Fantastic project! And thanks for the heads up about the 17th century Dutch fonts - I might consider that for the printed version of my thesis that will probably rot away in the university library anyway. Might as well make it interesting looking.

My favourite project of this kind is TT2020, which takes typewriter imitation to the next level by including irregularities within the font itself. Each (common) glyph has several versions, making the outcome look much more genuine and allowing for the occasional badly printed glyph without making the same error repeat itself to infinity.

It's a bit overkill maybe, but it would absolutely lend itself well to Shakespearian scripts. :)

edent OP ,
@edent@open-source.social avatar

Oh!
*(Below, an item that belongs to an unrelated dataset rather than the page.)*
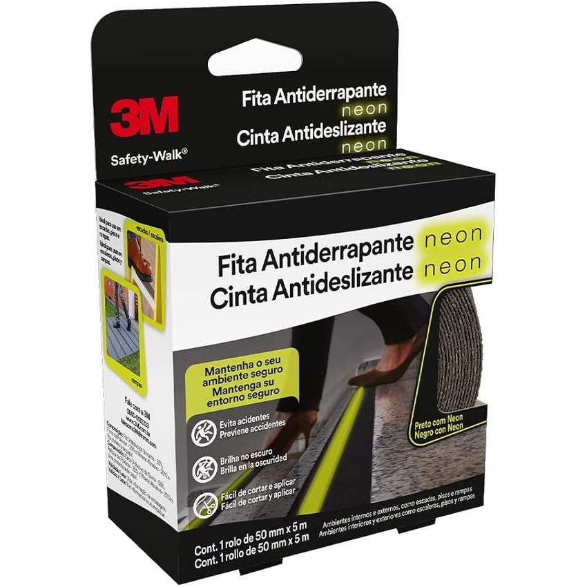 Esta Fita Antiderrapante 3M Neon é a mais completa solução de segurança para pisos, degraus, escadas, rampas, corredores e saídas de emergência. Além de prevenir quedas e escorregões por sua textura antiderrapante, ela possui uma faixa fosforescente emite luz por até seis horas durante a noite ou na falta de energia elétrica (necessita ter tido prévio contato com luz durante seis horas). Pode ser aplicada em áreas externas ou internas e é muito utilizada em residências que tenham idosos ou crianças. A Fita Antiderrapante Safety-Walk Neon é fácil de aplicar e cortar com tesoura. Além disso, seu adesivo é forte e resistente a chuvas e ao tráfego intenso de pessoas. É durável, confortável também para pés descalços, resiste a mofo e bolor e não racha ou descasca com o uso. Conheça essa faixa antiderrapante que necessita de baixa manutenção e otimiza o seu investimento! Disponível na versão 50 mm x 5 m.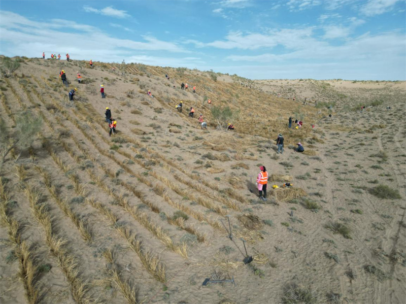 開工儀式后,項目方同步召開技術交底會,向勞務隊明確核心要求:施工需嚴格遵循“固沙先行、植綠跟進”流程,稻草沙障必須在10月底前完成鋪設——因11月當地進入凍土期,低溫將導致施工停滯;材料需符合耐風蝕、抗老化標準,灌木苗栽植前需經浸泡促根處理,確保成活率;質量管理中,沙障鋪設平整度、苗木定植深度等關鍵指標需全程留痕驗收。

That is very clever. Thank you.

HunterHog , to technology in Shakespeare Serif - an experimental font based on the First Folio
@HunterHog@pathfinder.social avatar

Oh, I love everything about this project so much! It looks lovely!

It also looks mighty useful for making handouts for TTRPG campaigns ahaha.
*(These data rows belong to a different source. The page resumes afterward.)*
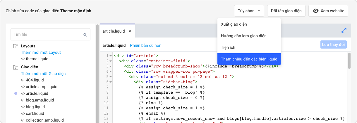 Bạn có thể Tham chiếu các biến Liquid để việc tùy chỉnh được chính xác và có kết quả hợp ý nhất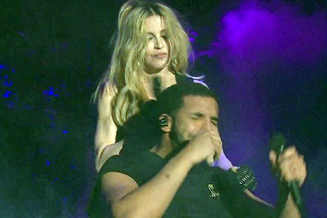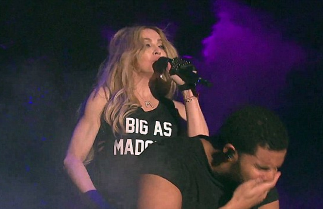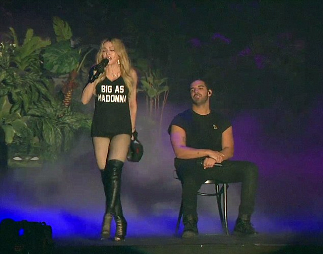 Η βασίλισσα της ποπ, φορώντας ένα μπλουζάκι με τη φράση «Big as Madonna», ερμήνευε το «Human Nature» και στη σκηνή βρισκόταν και ο 28χρονος Ντρέικ ο οποίος ήταν καθισμένος σε μια καρέκλα. Η Μαντόνα τον πλησιάζει, σκύβει και τον φιλάει στο στόμα παθιασμένα. Εκείνος σηκώνει το χέρι του για να της χαϊδέψει τα μαλλιά, και η 56χρονη σταρ του απωθεί το χέρι.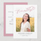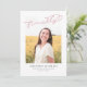 Este anúncio de graduação moderno mostra a palavra finalmente escrita em rosa empoeirado sobre uma foto de solteiro. A parte traseira do cartão pode ser usada como texto adicional ou como convite.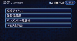 接続されている携帯電話の短縮ダイヤル、発着信履歴、ハンズフリー電話帳の登録内容をすべて消去します。

Was the letter-recognition Python codeblock of your own making?

edent OP ,
@edent@open-source.social avatar

Cheers. The code was cobbled together by me from various random tutorials and things I had laying around.

crisisingot , to technology in Shakespeare Serif - an experimental font based on the First Folio

This is very cool. I’m looking forward to seeing the progress!

Blaze , to technology in Shakespeare Serif - an experimental font based on the First Folio

Looks nice

edent OP ,
@edent@open-source.social avatar

Cheers! I'm hoping to add some more letters and tidy up the rest when I have more time.

MisterMoo ,
@MisterMoo@kbin.social avatar

This is such a great project! I can see how there’s a little room for clean-up on that long S. Plus the comma-looking apostrophe 😵‍💫. Although maybe that’s how that punctuation mark acted back then?

edent OP ,
@edent@open-source.social avatar

Nah, that's just me not adjusting the positioning of the apostrophe. Lots of clean-up to do :-)

housepanther , to technology in Shakespeare Serif - an experimental font based on the First Folio
@housepanther@lemmy.goblackcat.com avatar

Very cool! That did not look easy to do.

edent OP ,
@edent@open-source.social avatar

Thanks :-) It was a couple of days work. Mostly teaching myself stuff that I'd forgotten. I blogged about it so others can follow the process if they want.